Kolja Reichert geht durch einen Wald aus Bronze und findet ein Varieté

In einer frühen Arbeit umschlang Guiseppe Penone den Stamm eines Baumes und schloss die Augen. „Er wird sich der Umarmung erinnern“, nannte er das Werk voller Vertrauen. Penone wuchs auf dem Land auf, südlich von Turin. Die Natur ist für ihn das große Gedächtnis, in dem die Zeit langsamer schlägt. Bei Buchmann (Charlottenstraße 13, bis 27. 6.) ist gerade die erste Berliner Einzelausstellung des Künstlers zu sehen, der Ende der Sechziger als gerade 20-Jähriger die Arte Povera mitprägte und mehrfach auf Documenta und Biennale Venedig vertreten war. Wunderschön, wie sich Penone Strukturen aus der Natur anverwandelt und mit dem eigenen Körper verbindet. Im Zentrum der Ausstellung steht die Arbeit „Propagazione“ von 1995, ein Daumenabdruck, dessen Linien sich per Filzstift zu den Jahresringen eines Baumes auffächern. Hier sind die Ringe fortgeführt zu einer wandfüllenden Zeichnung von achteinhalb Metern Breite. Die Skulptur „Proiezione“ überführt das Konzept in den Raum: In einem Gestell aus Ästen hängen drei Teile einer Kegelform, an einen Projektor oder eine Schießvorrichtung erinnernd. In die Spitze ist wieder des Künstlers Fingerabdruck geprägt, der sich nach hinten wie in einer Explosionszeichnung plastisch auffächert. Guiseppe Penone ist kein Idealisierer. Der Zauber seiner Werke rührt aus einer vornehm Distanz wahrenden Mimesis: Die täuschend echten Äste sind aus oxidierter Bronze, wie auch das Kürbisblatt, in das der Künstler seine Nase drückte (Preise auf Anfrage).
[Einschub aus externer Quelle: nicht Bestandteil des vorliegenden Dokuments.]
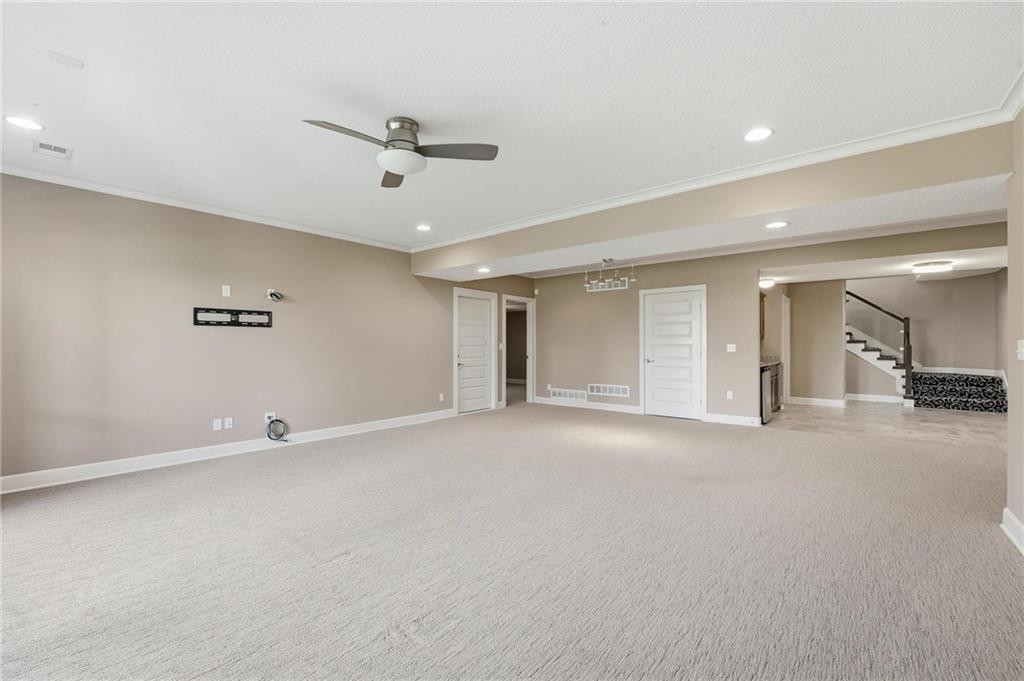 Exceptional custom home designed with entertaining in mind. Stunning walnut floors from the gracious entry, through the great room, kitchen & breakfast room. Great room has vaulted ceiling, gas fireplace in stone accent wall, built-ins & floating shelves. Kitchen has large island, top of the line appliances including built-in Frigidaire Professional refrigerator/freezer, cooktop with vented hood, dbl oven, microwave & dishwasher. Pantry is 5x16 with built in desk under window, tons of shelf space. Breakfast nook is ideal for banquet, full glass door out to Lanai, vaulted ceiling, ceiling fan. Bonus main level family room has 19' bar w/custom cabinets, granite counters, stone walls behind bar, 2nd 15' long serving bar with tons of storage, granite countertop & mid century design. Family room has 15' vaulted ceiling with tongue & groove ceiling & beams. A beautiful den space, or room for baby grand piano, under the beautiful fixture plus additional dining space surrounded by windows & door out to large covered Lanai with tile floor. The primary suite is large with vaulted ceiling & luxury bath with separate vanities, very large tiled shower, dream 10x18 walk-in closet with large dresser island, walks through to laundry. Staircase to lower level with custom glass panel railing, large windows flooding the stairway with natural light. Large family room with wet bar area with tiled floor. 1 guest suite with bath & large walk-in closet, 2 additional bedrooms have walk-in closets, each with private vanity spaces, share shower. 1 bedroom has a secret passageway through built-in bookcase, to 8x9 storm area/storage under front porch! New covered patio off lower level family room is 20x13. Car lovers, a bonus 4th garage, has driveway from main level, is 22'd x 19'w. The main level 3 car garage is oversized, 31'wide, with 11' ceiling, 2 car side is 24'deep, 1 car side 29'deep with 9' wide door. North Shore is Cass County, Lee's Summit Schools.
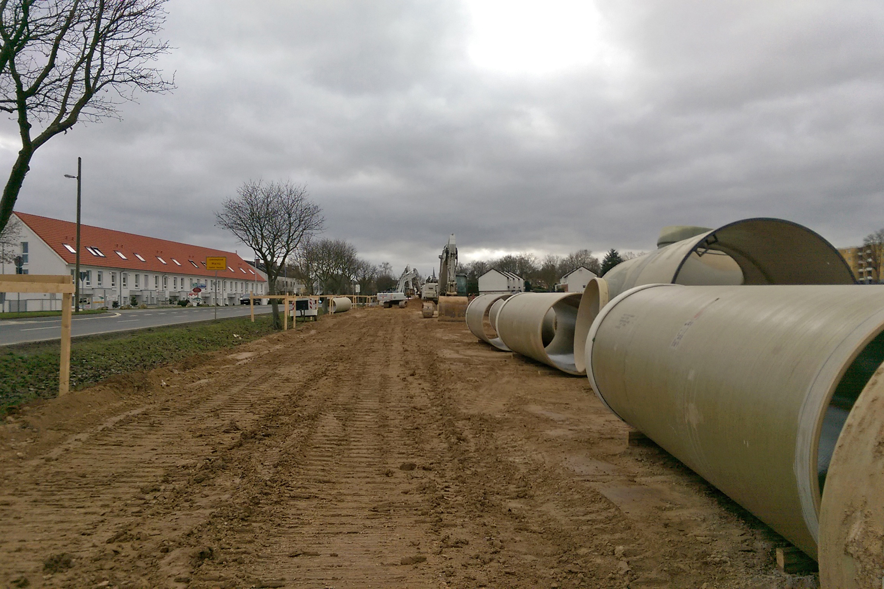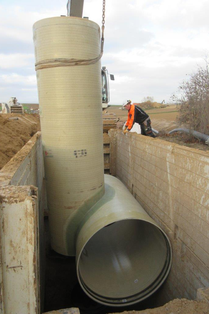 Da die Baugrubenbreite entsprechend der Anforderungen des Auftraggebers zum Schutz der vorhandenen Bäume in einem Teilabschnitt der Trasse so gering wie möglich gehalten werden sollte, konnten die GFK-Rohre mit ihrer vergleichsweise geringen Wandstärke ebenfalls punkten.
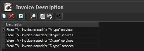 The Invoice Description section defines detailed invoice descriptions used across invoices compilation. To create a new description, click on the 'New' button and input the required description:Invoice_Descriptions
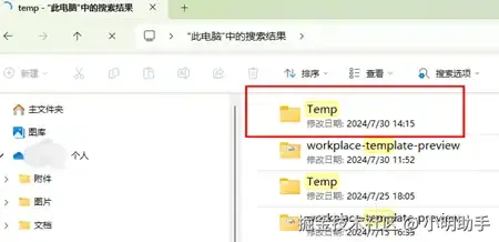 在电脑硬盘中找到临时文件夹,通过找到丢失文件的临时备份文件,我们也能实现基本的回收站文件恢复。回收站清空了怎么恢复?该回收站数据恢复方法可能比较繁琐,需要用户花些时间才会有比较好的恢复效果。在【此电脑】中搜索【temp】,等待电脑搜索完毕后,在点击进入同名文件夹即可。
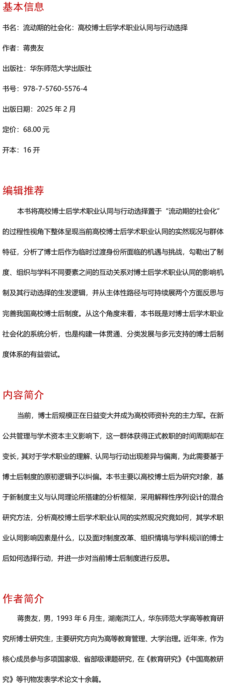 流动期的社会化 高校博士后学术职业认同与行动选择 蒋贵友
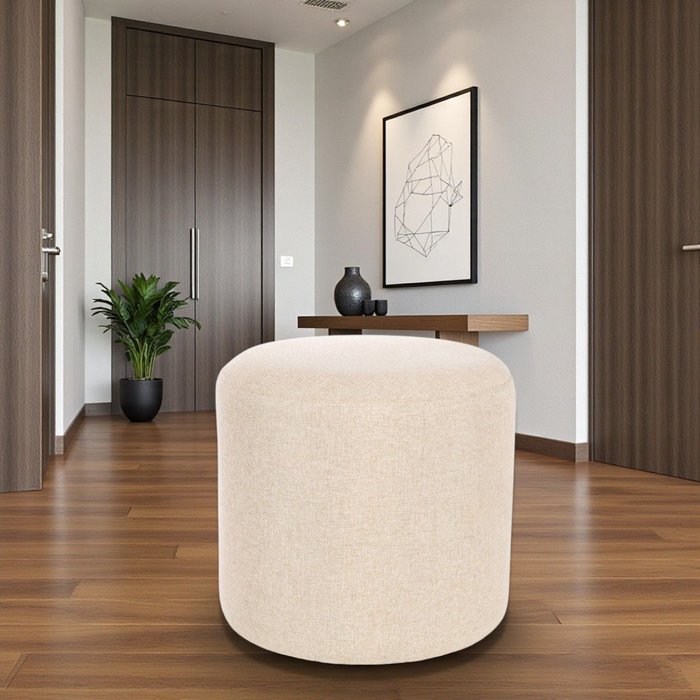Puff Perse Decorativo Tecido Linho Banqueta Puffe Redondo
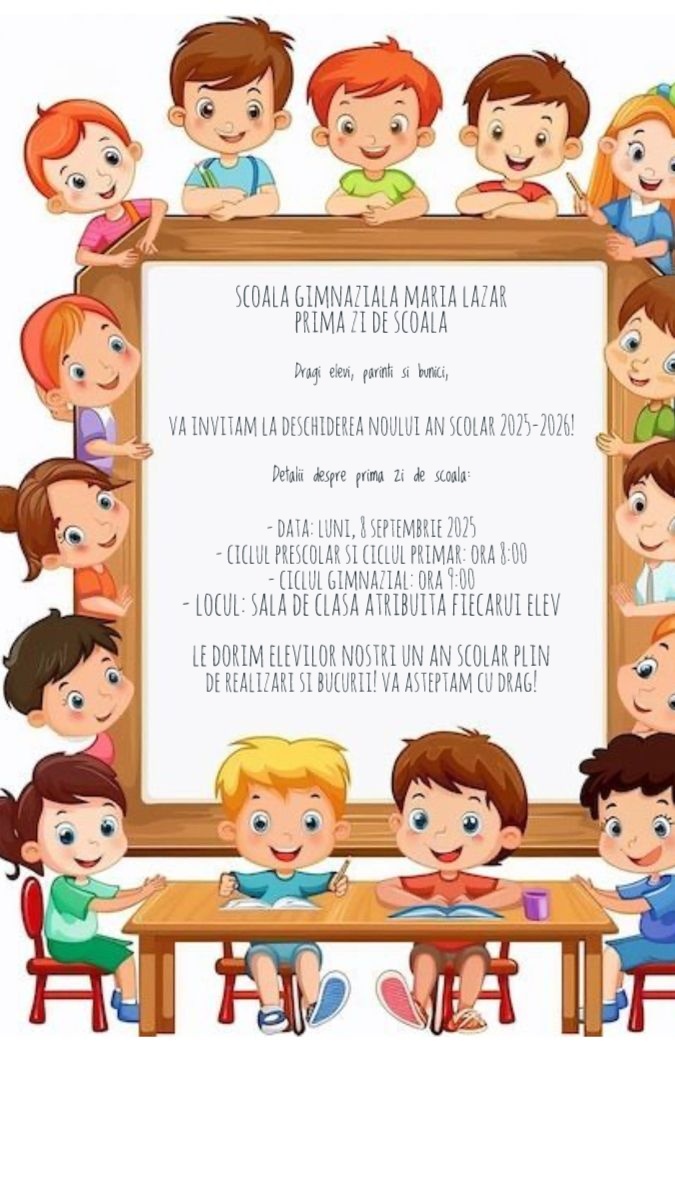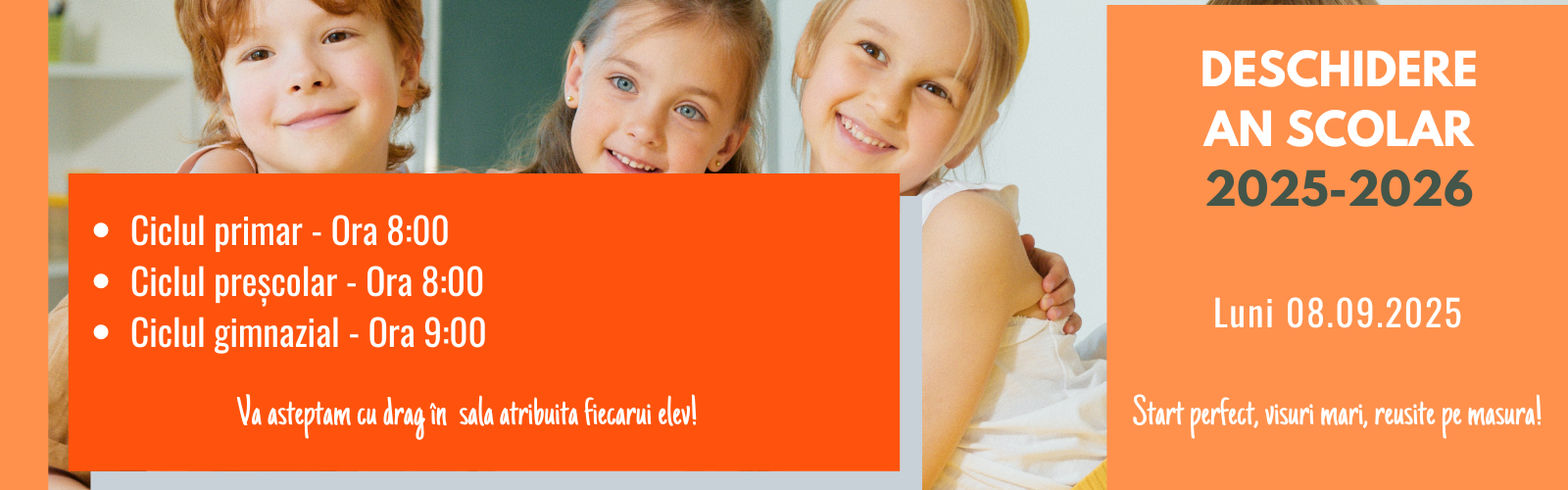 Deschiderea anului scolar 2025-2026, va avea loc LUNI, 08.09.2025 Ora 08:00 - învățământ primarOra 8:00 - învățământ preșcolarOra
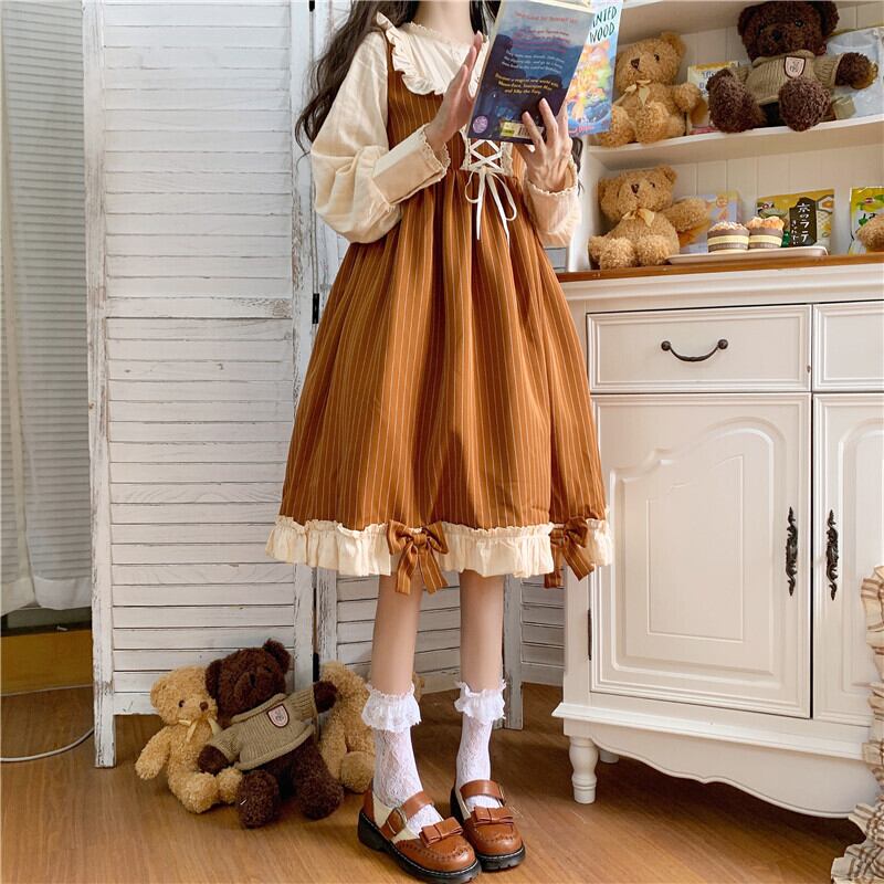 送料無料୨♥୧ スタイルレディースドレス カラーパッチワークストライプバンドリボンフリル ラッフル 大人ガーリー スウィート キュート カジュアル AOS48415541510
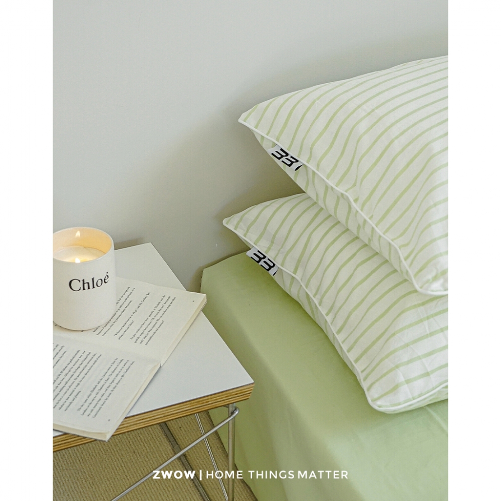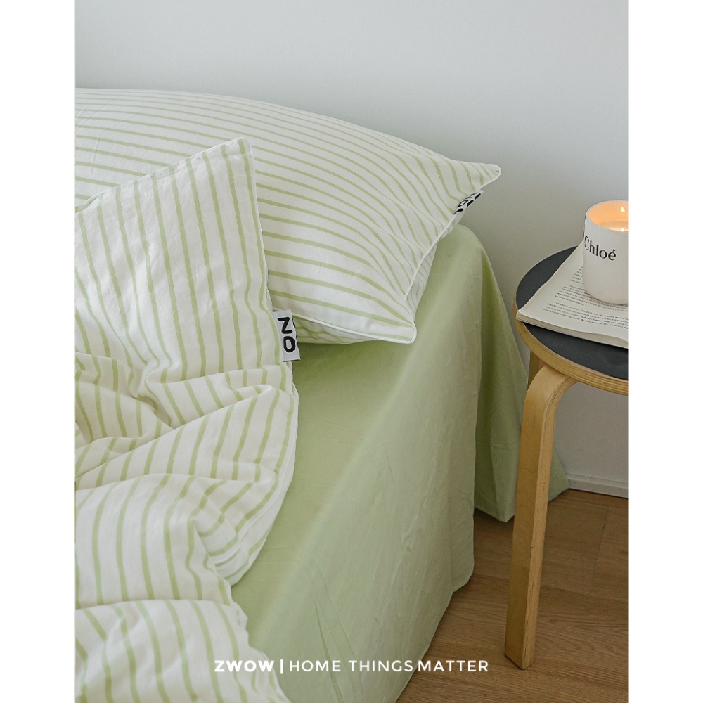 造卧zwow春秋小清新薄荷曼波绿色条纹水洗纯棉全棉床上床单四件套
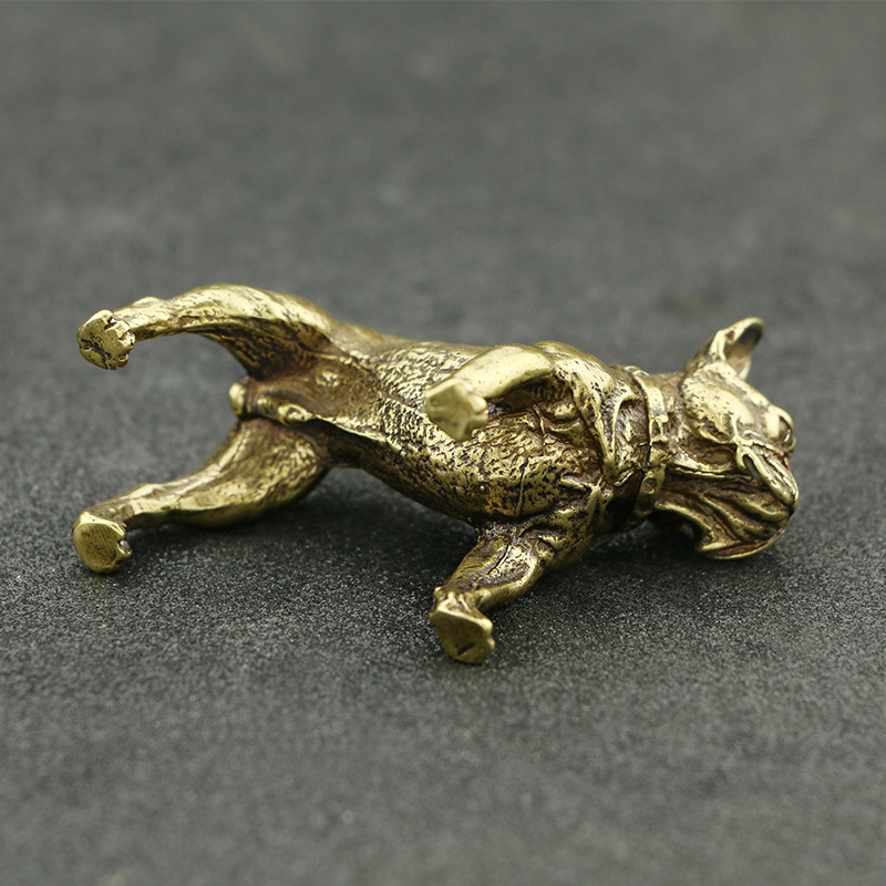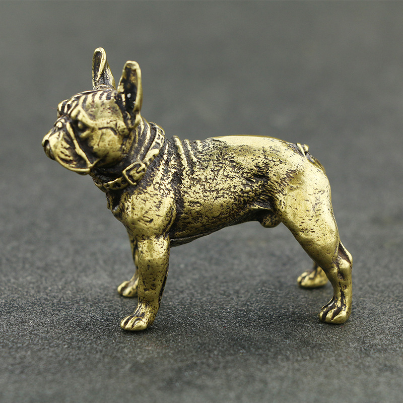 实心纯黄铜法国斗牛犬小摆件生肖狗迷你桌面茶宠手把件铜器工艺品
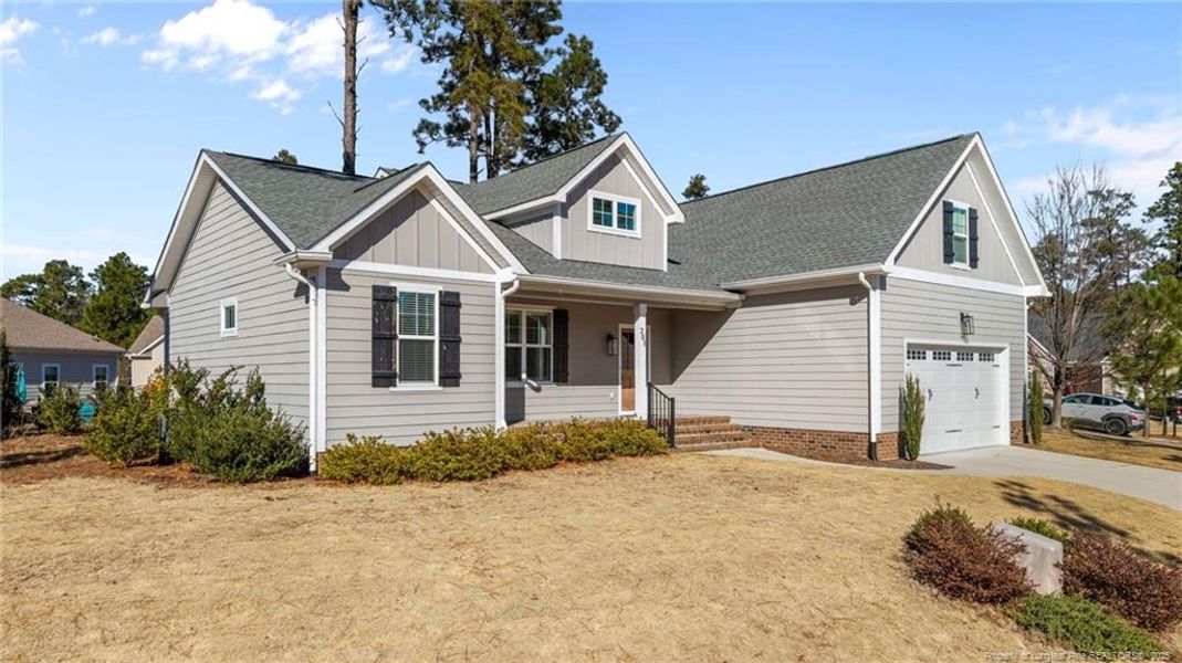 PRICE IMPROVEMENT! Seller now offering $5000 towards closing costs with full price offer. Don't miss this one! Check out this spacious and beautifully maintained 4-bedroom, 3-bathroom home showcases a desirable split floorplan with an additional private bedroom and full bath upstairs. Inside, you'll appreciate the low-maintenance LVP flooring throughout—no carpet—and gorgeous tile in all bathrooms. The main living area feels bright and inviting, highlighted by a trey ceiling, plantation shutters, and abundant natural light.The primary suite is a true show stopper, featuring a spa-like shower and a generous walk-in closet. The kitchen is well-appointed with stainless steel appliances (including gas range), an island with additional seating, and a pantry—perfect for all your cooking and entertaining needs. For added convenience, the washer and dryer convey with the home.Outdoor living is just as appealing with a welcoming covered front porch and a rear patio, ideal for entertaining or relaxing. The easy-care yard includes an irrigation system, so you can spend more time enjoying your home than maintaining it. Seller has invested in landscaping which will provide added privacy as well! The neighborhood is designed for lifestyle and leisure, with sidewalks perfect for evening strolls and a community pool just a short walk away. Conveniently located near world-class golf courses, shopping, and restaurants— all a part of what Southern Pines and Pinehurst have to offer—this home is the perfect blend of comfort, style, and location.

Die närrischen Objekte, die Saâdane Afif unter dem Titel „Varieté“ bei Mehdi Chouakri (Invalidenstr. 117, bis 13. 6.) auf einer Bühne präsentiert, suchen ebenfalls Kontakt zu etwas, das außerhalb von ihnen liegt. Auch wenn sie weniger der Natur entsprungen sind als surrealistischen Fantasien. Ein weißer Kubus ruht da auf eckigen Füßchen, vier hintereinander sich verjüngende Kreisöffnungen locken ins Schwarz. Wie Ohren liegen Lautsprecherchen obenauf, aus denen Anti- Kriegslieder klingen, umgekehrt und verlangsamt, als nehme sich der weltverändernde Impetus in einem zähen Würgen selbst zurück (20 000 €). Ein Mikrofon überträgt das Ticken von zwölf Uhren aus einem Polyeder an einen Gitarrenverstärker, so dass es klingt wie marschierende Zeit. Schafft Penone Anmut und Konzentration, erzeugt Afif fortwährend flirrende Kommunikation, die nie zur Ruhe kommt. „Gesellschaft und Kunstsystem drängen heutzutage zur Subjektivierung“, sagt der Künstler. Dabei zählten doch Offenheit und Dialog.